SOURCE MATERIAL —
Start of Block

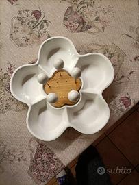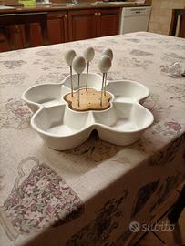 Vendo simpatico piatto per offrire salse diverse o piccoli aperitivi ai tuoi ospiti, corredato di 5 "stuzzicadenti" di metallo per infilzare eventuali bocconcini. Usato pochissimo
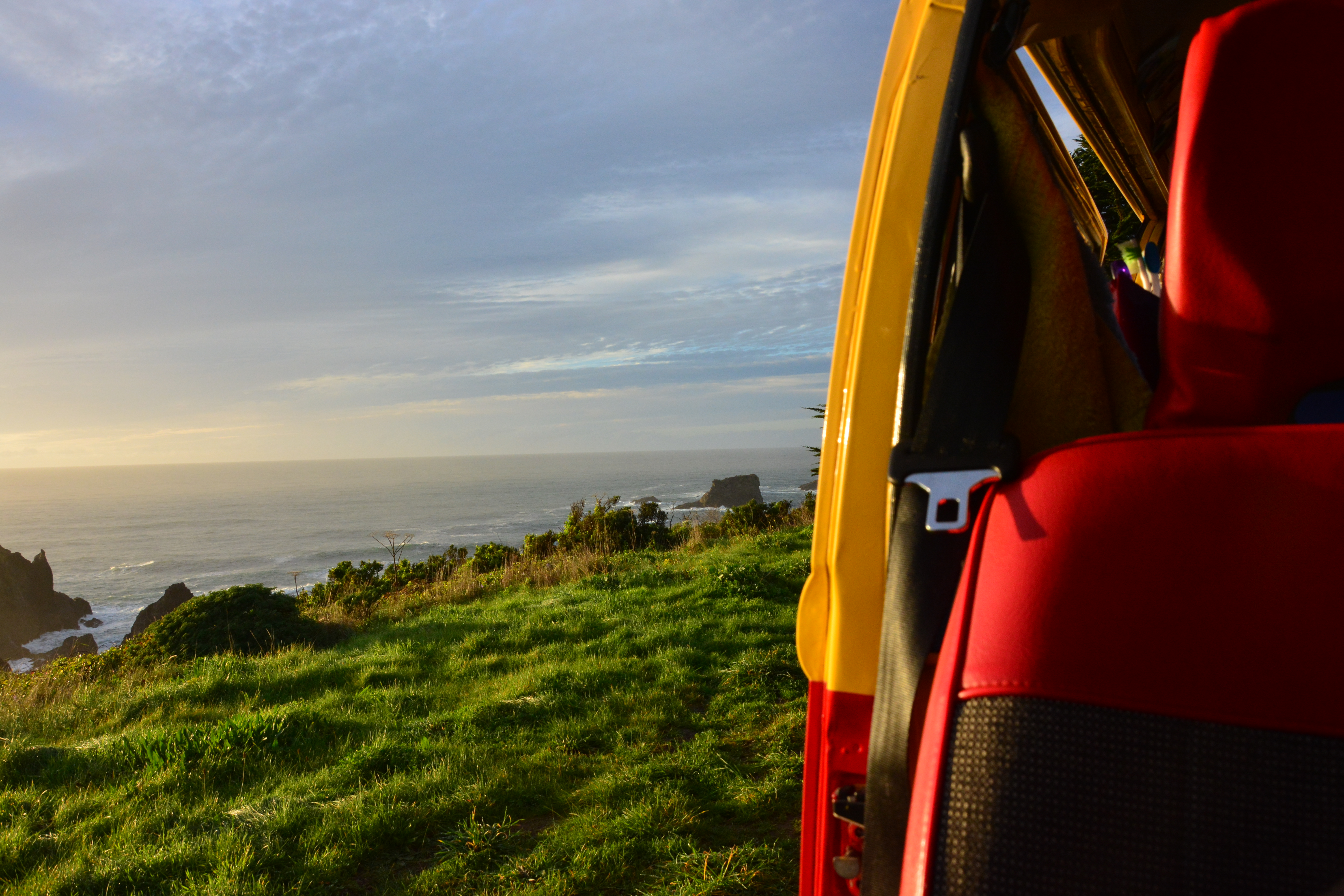 We stop just north of Fort Bragg for the night. We can’t find that old campground (we knew it was a KOA - the expensive sort of campground, and recognizable) even though it shouldn’t be hard. I can’t believe we used to stay in those. Maybe they have sold it, or something. We pull into a free campsite, a beautiful one right on the Pacific Coast Highway overlooking the ocean and the craggly cliffs that define that stretch of coastline, talking about how stupid we were back then. How much we didn’t know about this Bus.
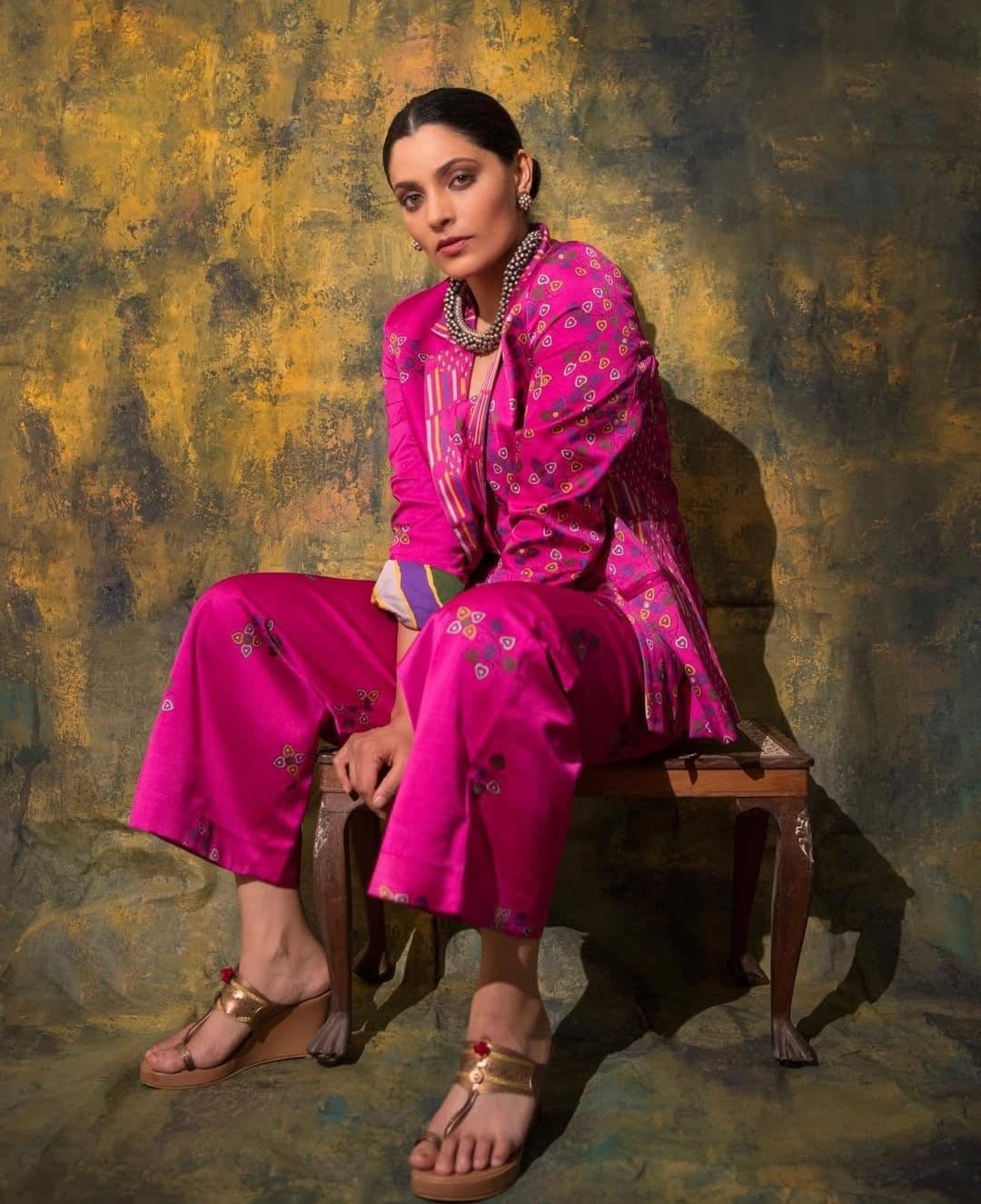 Saiyami Kher makes a strong fashion statement in a bold, bright pink pantsuit. The unique knotted detail on the blazer adds an avant-garde touch, while her metallic heels complete the sophisticated and edgy look. This ensemble is perfect for those who want to stand out with a modern, powerful, and vibrant style during the festivities.

End of Block

Give the data again exactly. Keep the images out.

SOLUTION —
 Vendo simpatico piatto per offrire salse diverse o piccoli aperitivi ai tuoi ospiti, corredato di 5 "stuzzicadenti" di metallo per infilzare eventuali bocconcini. Usato pochissimo
 We stop just north of Fort Bragg for the night. We can’t find that old campground (we knew it was a KOA - the expensive sort of campground, and recognizable) even though it shouldn’t be hard. I can’t believe we used to stay in those. Maybe they have sold it, or something. We pull into a free campsite, a beautiful one right on the Pacific Coast Highway overlooking the ocean and the craggly cliffs that define that stretch of coastline, talking about how stupid we were back then. How much we didn’t know about this Bus.
 Saiyami Kher makes a strong fashion statement in a bold, bright pink pantsuit. The unique knotted detail on the blazer adds an avant-garde touch, while her metallic heels complete the sophisticated and edgy look. This ensemble is perfect for those who want to stand out with a modern, powerful, and vibrant style during the festivities.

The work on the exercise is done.